> [Task item]
Nothing but the lines below from the one with "Hand coloured double" through the one with "この度、健安研等においてゲノ" should be output, each exactly as given, and no pictures.

> [Dataset content]
━━━━━━━━━━━━━━━━━━━━

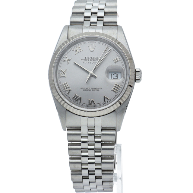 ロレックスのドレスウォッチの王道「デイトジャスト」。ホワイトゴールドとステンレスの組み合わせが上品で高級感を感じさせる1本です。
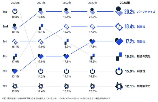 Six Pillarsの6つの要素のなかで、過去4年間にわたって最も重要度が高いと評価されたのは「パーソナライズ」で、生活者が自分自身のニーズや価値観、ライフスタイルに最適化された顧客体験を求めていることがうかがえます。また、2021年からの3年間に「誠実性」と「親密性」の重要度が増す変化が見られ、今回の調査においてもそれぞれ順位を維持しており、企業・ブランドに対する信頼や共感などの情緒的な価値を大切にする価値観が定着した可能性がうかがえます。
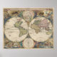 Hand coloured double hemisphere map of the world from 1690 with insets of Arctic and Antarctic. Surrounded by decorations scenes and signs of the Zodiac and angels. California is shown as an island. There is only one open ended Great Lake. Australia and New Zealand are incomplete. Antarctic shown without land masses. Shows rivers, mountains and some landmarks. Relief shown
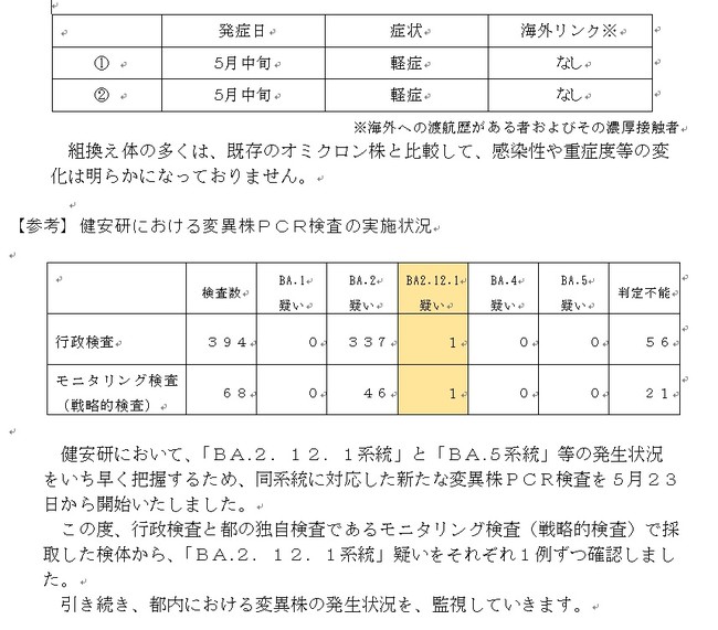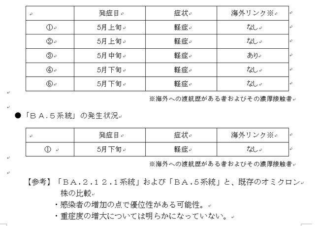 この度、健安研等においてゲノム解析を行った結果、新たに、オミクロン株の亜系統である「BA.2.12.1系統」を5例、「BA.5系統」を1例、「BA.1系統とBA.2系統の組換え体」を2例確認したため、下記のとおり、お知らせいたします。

━━━━━━━━━━━━━━━━━━━━

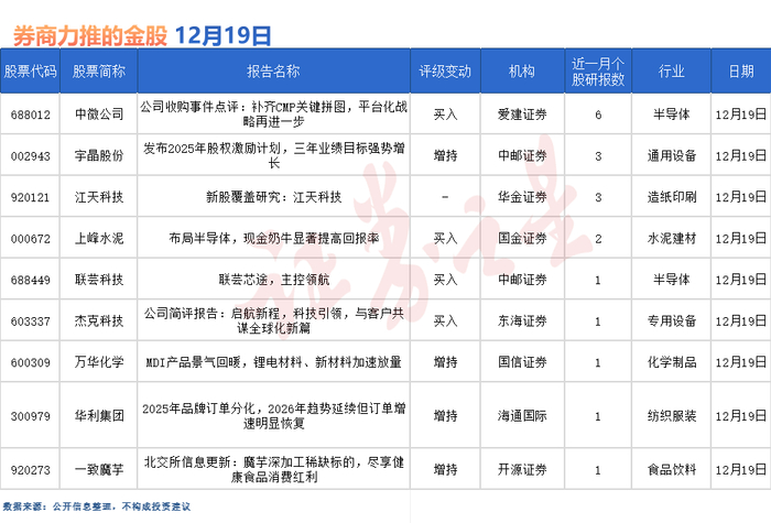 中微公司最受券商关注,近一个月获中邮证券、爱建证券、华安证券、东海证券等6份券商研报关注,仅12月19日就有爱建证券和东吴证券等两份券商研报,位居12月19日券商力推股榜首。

━━━━━━━━━━━━━━━━━━━━

> [Solution below]
 Hand coloured double hemisphere map of the world from 1690 with insets of Arctic and Antarctic. Surrounded by decorations scenes and signs of the Zodiac and angels. California is shown as an island. There is only one open ended Great Lake. Australia and New Zealand are incomplete. Antarctic shown without land masses. Shows rivers, mountains and some landmarks. Relief shown
 この度、健安研等においてゲノム解析を行った結果、新たに、オミクロン株の亜系統である「BA.2.12.1系統」を5例、「BA.5系統」を1例、「BA.1系統とBA.2系統の組換え体」を2例確認したため、下記のとおり、お知らせいたします。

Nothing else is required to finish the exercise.